If the trial includes any setup tasks, a job is scheduled to run each setup task in individual containers. Setup tasks may incorporate parameter assignments, for example as a value in a Helm chart.
Using the patches from the experiment and the parameter assignments from the trial, an attempt is made to patch the cluster state. Empty patches are ignored, it may also be the case that parameter assignments established during setup tasks result in patch operations that do not result in changes.
Wait for Stabilization
For any deployment, stateful set or daemon set that was patched, a rollout status check will be performed. Once the patched objects are ready the trial can progress.
Run Trial Job
The trial resource includes a job template which will be used to schedule a new job.
If container list of the job is empty, a container that performs a “sleep” will be injected (the amount of sleep time is determined by the
approximateRuntime field on the trial).
The start and completion times of the job are recorded on the trial (the recorded start time will be adjusted by the value of the
startTimeOffset field on the trial).
When the trial job completes, the metrics are collected according to their type. The metric values are recorded on the trial resource. For Prometheus metrics, a check is made to ensure a final scrape has been performed before metric collection. Once all metrics have been collected the trial is marked as finished.

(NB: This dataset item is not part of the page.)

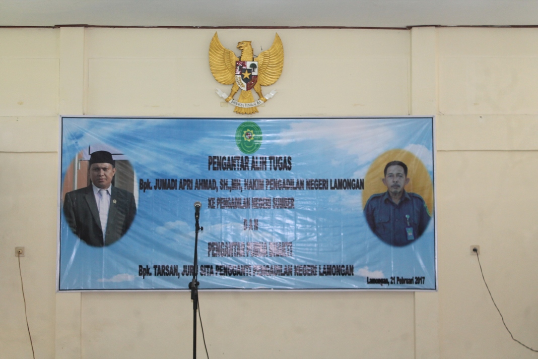 Pada Hari Selasa tanggal 21 Pebruari 2017, Pengadilan Negeri Lamongan mengadakan Acara Pengantar Alih Tugas Bpk. Jumadi Apri Ahmad, SH.,MH serta Pengantar Purna Bhakti Bpk. Tarsan.

After the trial job is completed and the metrics have been collected, you can view the data by inspecting the Kubernetes trial object via
kubectl get trial.
Additionally, when using the Enterprise product, the metrics of finished trials are reported back to the API to improve the next round of suggested parameter assignments.
This can be viewed by visiting the stormforge app.
If the trial included setup tasks, a job is scheduled to delete the objects created during setup creation.